- Sire: Vulgan
- Grandsire: Sirlan
- Dam: Turkish Tourist
- Damsire: Turkhan
- Sex: Gelding
- Foaled: 1962
- Country: United Kingdom
- Colour: Bay
- Breeder: F. D. Farmer
- Owner: Tony Chambers
- Trainer: Fred Rimell

Major wins
- Mackeson Gold Cup (1969 and 1971) Grand National (1970)

= Gay Trip =

British-bred Thoroughbred racehorse

Gay Trip was a racehorse noted for winning the 1970 Grand National.

Gay Trip was a small bay gelding owned by Tony Chambers and trained by Fred Rimell.

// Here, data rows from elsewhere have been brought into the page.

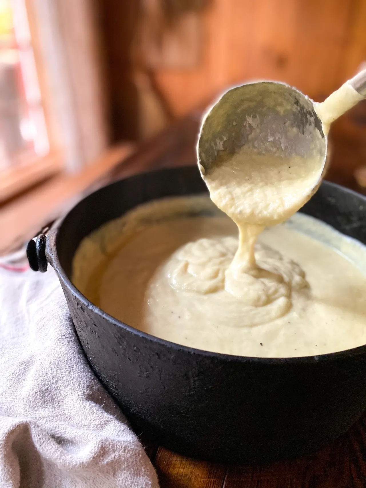 - Transférer tout le contenu du chaudron dans un mélangeur, puis mélanger à forte puissance jusqu’à ce que le potage soit bien lisse. Incorporer la crème, puis mélanger encore jusqu'à homogénéité. S’il n’y a pas assez de place dans le mélangeur, retourner le potage dans le chaudron, puis incorporer la crème.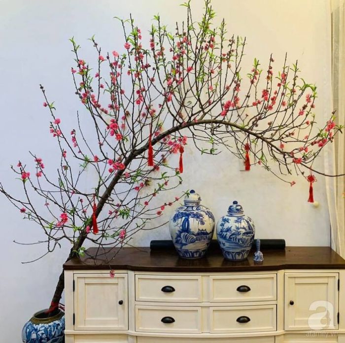 If your peach blossoms are not opening just a day or two before the New Year, you can cut the stems and briefly scorch the cut ends over an open flame or hot charcoal. Be careful not to burn the stems. Then place the peach branch in a vase and change the water daily.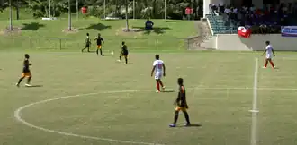 Pago Pago Park is also home to the Korean House, a social center for Korean fishermen, and several Korean food kiosks.[3] The park houses a collection of fales where local artisans practice traditional handicrafts such as weaving, carving, and shellwork. It is a central gathering place for the community, hosting both formal and informal sports activities, including rugby, soccer, volleyball, basketball, American football, and cricket. It is a popular location for large events such as the annual Flag Day celebrations, Fourth of July festivities, and fiafias organized for political purposes.[4][5]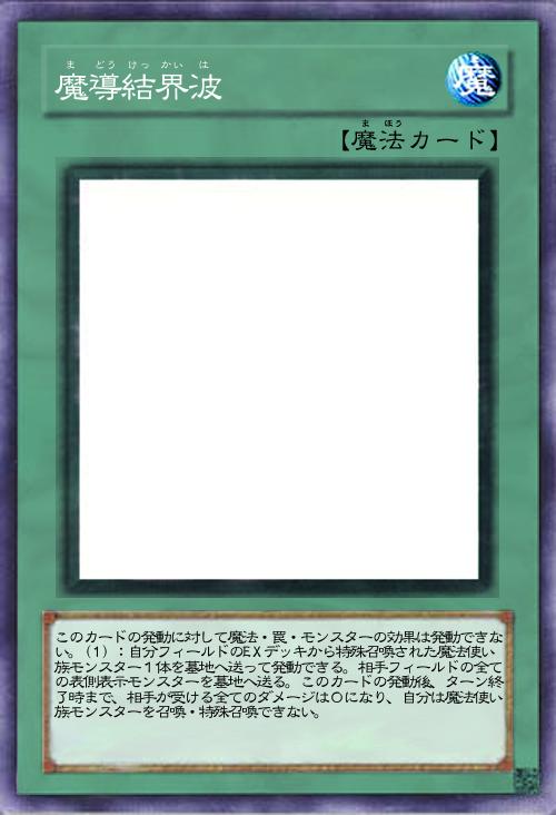 | このカードの発動に対して魔法・罠・モンスターの効果は発動できない。(1):自分フィールドのEXデッキから特殊召喚された魔法使い族モンスター1体を墓地へ送って発動できる。相手フィールドの全ての表側表示モンスターを墓地へ送る。このカードの発動後、ターン終了時まで、相手が受ける全てのダメージは0になり、自分は魔法使い族モンスターを召喚・特殊召喚できない。 | |||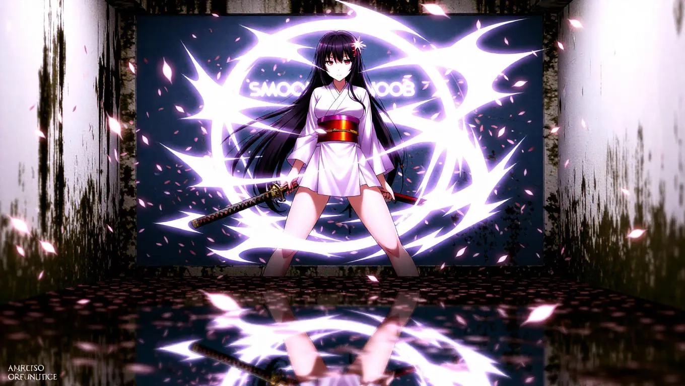 A mural on a weathered alley wall depicts: SmoothNoob_Quality, 1girl, solo, kimono, skimpy clothes, voluptuous body, katana, sword stance, unsheathing, detailed pupils, night, falling leaves, sword afterimage, glowing eyes, spark, geometric bodypaint, demonic energy, skindentation, powerful imagery, absurdres, best quality, extreme details, dynamic scene, very aesthetic, epic, volumetric lighting, real puddles mirror the scene, enhancing the illusion of movement, gentle and romantic anime style, soft greys and pale pinks, wet cement, dreamy, nostalgic atmosphere.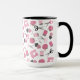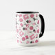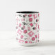 Eine Tasse, die einen nähenden themed Entwurf besteht einer Nähmaschine, Spulen des Fadens, einem Buttonkissen, Scheren, Gewebemustern und aus nähenden Nadeln kennzeichnet. Entwurf hat ein rosa Farbschema.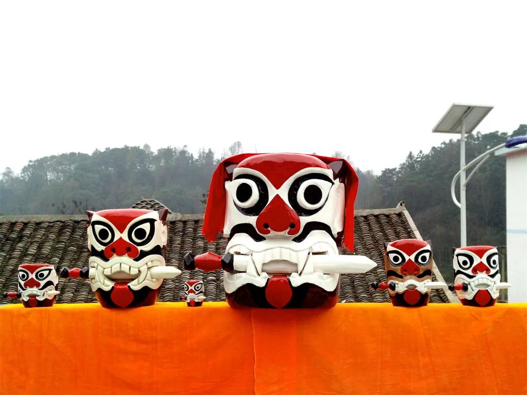 后来,当地人便仿学制作傩具的办法,请工匠用白柳或秋木雕制成人首、凸眼、狗耳、宽鼻、獠牙、咧嘴、伸舌、口含利剑的模样,并绘上颜色,让“吞口”大神在门头上稳坐,常保安康。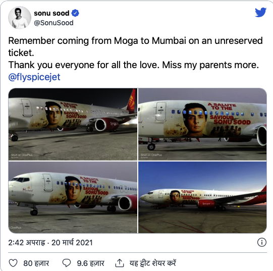 अभिनेता सोनू सूद आजकल हवाई जहाज पर छाए हुए हैं। असल में मामला ये है कि पंजाब के मोगा से मुंबई आ रही फ्लाइट पर स्पाइसजेट ने सोनू सूद को सम्मान देने के लिए प्लेन की बॉडी पर सोनू सूद की तस्वीर लगा दी थी और उस पर लिखा था सोनू को सलाम।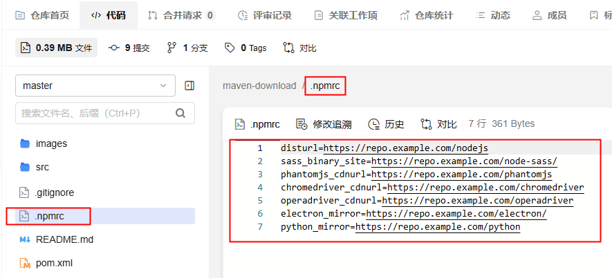 在代码仓根目录下创建.npmrc文件,并在文件中配置镜像源信息。本示例以CodeArts Repo代码仓为例。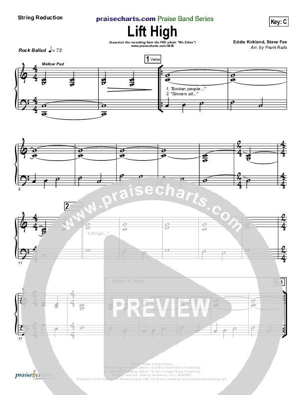 Download the Orchestration for Lift High by FEE Band, from the album We Shine. This song was arranged by Frank Ralls in the key of C, Eb.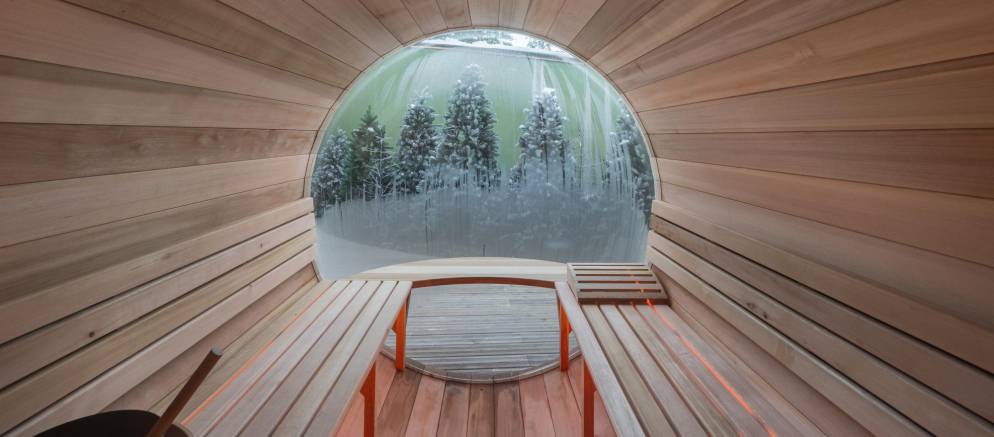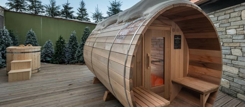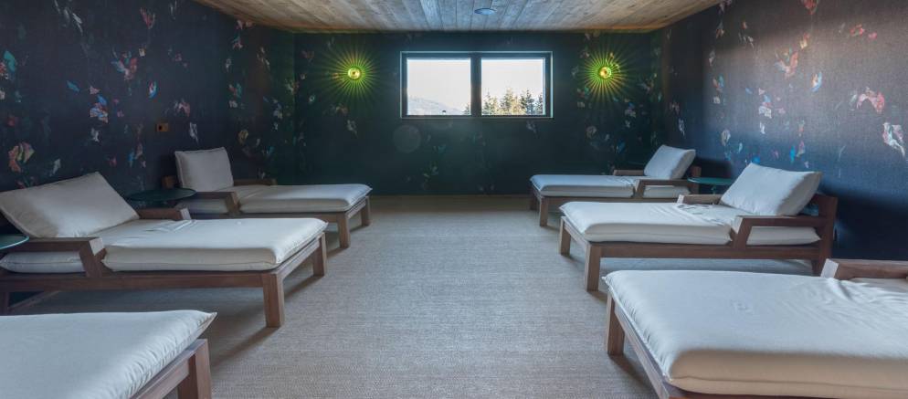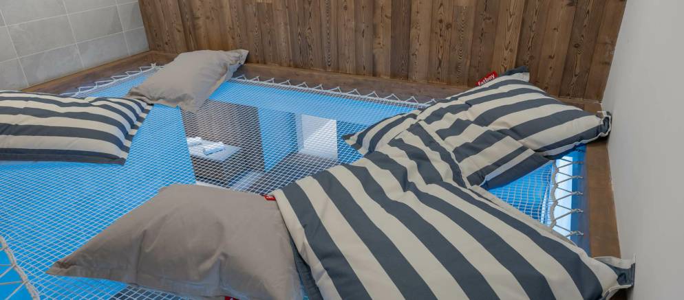 Step outside onto the large terrace planted with fir trees and enjoy the warmth of the barrel sauna or sink into the waters of the Nordic bath. Head upstairs and you will pass the enchanted forest area with indoor fir trees with fairy lights. Here you will find a further shower, along with a relaxation area with day beds, plus a further relaxation area suspended above the swimming pool.
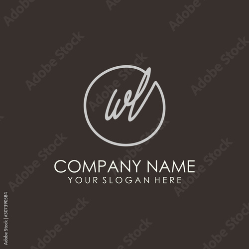 WL initials signature logo. Handwritten vector logo template connected to a circle. Hand drawn Calligraphy lettering Vector illustration.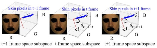 Figure 2. The SSR algorithm constructs a spatial subspace (represented by red feature vectors) using all skin pixels (blue pixels) in each frame, and calculates the angular variation between adjacent frames (e.g., representing the angle change between the spatial subspaces of frame t − 1 and frame t). - Synthesizing these numerous algorithms and exploring their underlying principles will facilitate the optimization of pulse signal extraction algorithms, which is a crucial research direction. Despite the wide variety of existing algorithms, the distribution of noise and pulse signals in RGB signals remains poorly defined, and a common challenge remains in developing a robust color space model that can adaptively and effectively suppress noise, which is the primary focus of this work.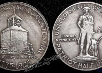 50 центов Полдоллара 1925 года США 150-летие сражения при Лексингтоне и Конкорде посеребрение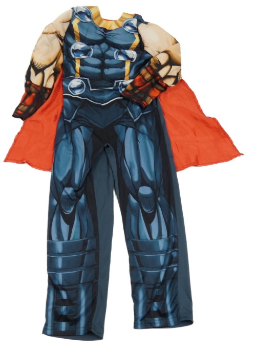 Kostým - tmavomodrý vzorovaný overal s červeným pláštěm marvel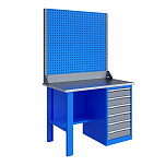 Однотумбовый. Допустимая нагрузка на столешницу 750 кг. Опорные элементы выполнены сварными из холоднокатаной стали. Верстак состоит из опоры, тумбы P7 с дверью и двумя полками и полки-стенки. Все металлические элементы покрыты полиэфирной порошковой краской. Столешница состоит из фанеры марки ФСФ толщиной 24 мм, которая покрыта лаком-антисептиком и листом оцинкованной холоднокатаной стали толщиной 1,2 мм. Размеры (ВхШхГ) 855x1196x696 мм.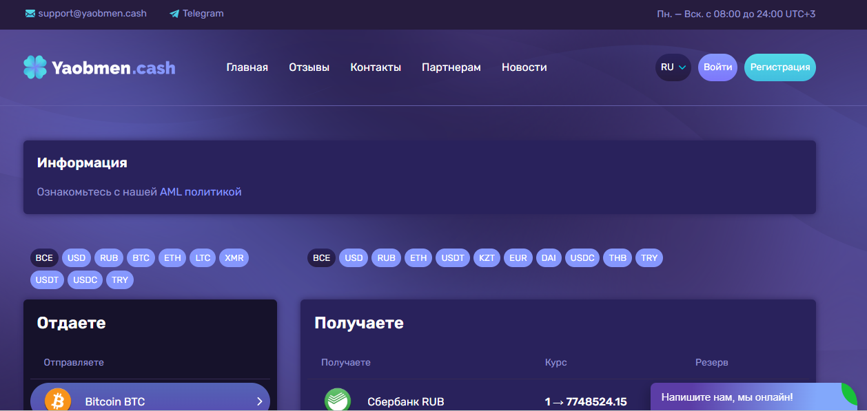 Yaobmen — это онлайн-обменник криптовалют и фиатных средств с доступом 24\7 через веб-интерфейс и Telegram-бот. Платформа позиционирует себя как простой и быстрый сервис для обмена цифровых активов и фиата без верификации и с минимальными комиссиями. Яобмен предлагает фиксированные курсы крипты, мгновенные переводы и поддержку основных токенов, таких как Bitcoin, Ethereum и USDT. В рамках нашего обзора разберём архитектуру работы обменника, проверим надёжность технических решений, оценим прозрачность тарифов и проанализируем доступность отзывов на эту тему.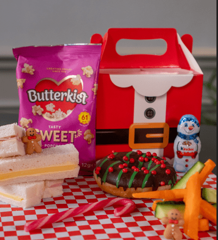 And for younger audience members, a special festive designed box featuring a tasty sandwich, crunchy vegetable sticks, mini popcorn, iced doughnut and a chocolate snowman.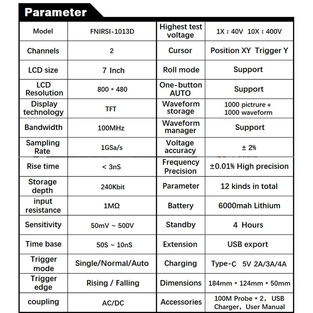 Цифровой планшетный осциллограф FNIRSI 1013D, Профессиональный осциллограф, частота дискретизации 100 МГц * 2 диапазона, ширина 1 Гвыбс, осциллограф с сенсорным экраном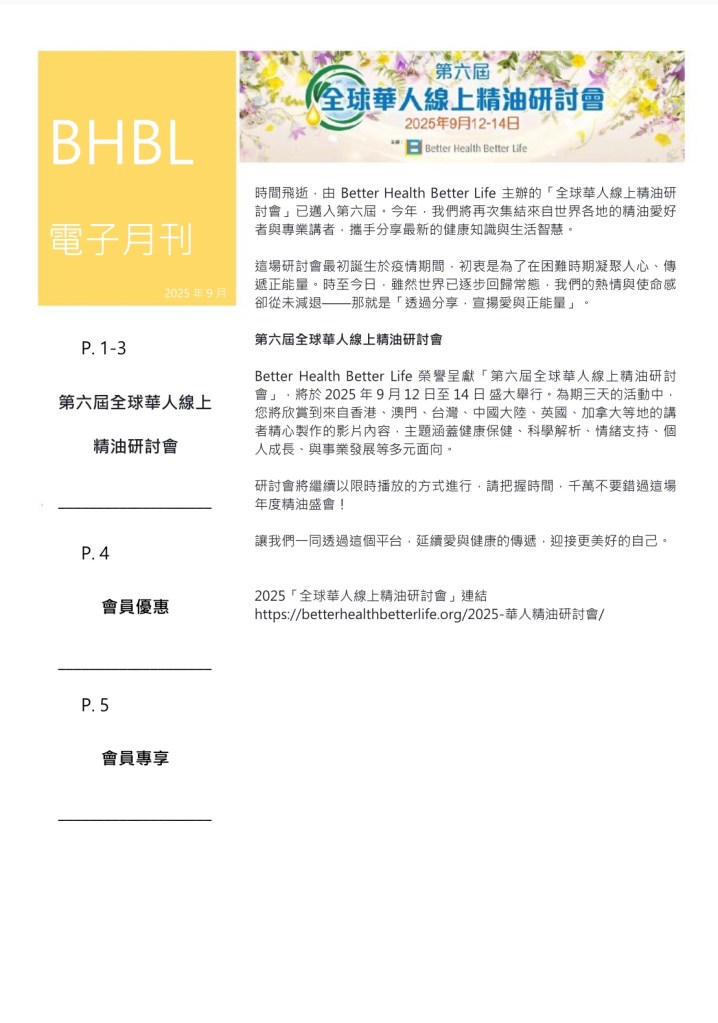 Better Health Better Life 呈獻「第六屆全球華人線上精油研討會」,將於 2025年9月12日至14日 盛大舉行。為期三天的活動中,您將欣賞到來自香港、澳門、台灣、中國大陸、英國、加拿大、新加坡等地的講者精心製作的影片內容,主題涵蓋健康保健、科學解析、情緒支持、個人成長、與事業發展等多元面向。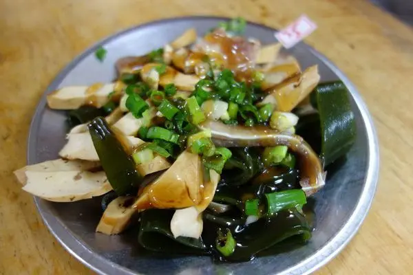 豆干.豬耳朵和海帶 25元~淋上醬油膏和蔥花
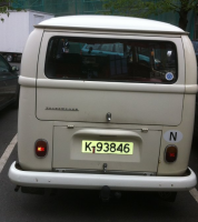 Satt på peppes på Hamar (ubåten). Så kom det forbi en volvo xc90 med bilhenger. Der stod det en oransje bay med sidevinduer bak. Rakk ikke å se reg nummer, men det var skilt på'n.

Formerly a flat racing horse, Gay Trip was switched to National Hunt racing as a five-year-old and won the Mackeson Gold Cup in 1969. In the 1970 Grand National he was ridden by Pat Taaffe after his regular jockey Terry Biddlecombe was ruled out of the race by injury. Gay Trip carried top weight of 11 stones five pounds despite previously never having won a race longer than 2 1/2 miles and started at odds of 15/1 in a field of twenty-eight runners. He took the lead at the second last fence and drew clear to win by twenty lengths.
Since 1970 only Red Rum has won the Grand National carrying top weight.

It was Fred Rimell's third national winner having previously won with E.S.B. and Nicolaus Silver.

In 1972 he finished second in the Grand National, ridden by Biddlecombe.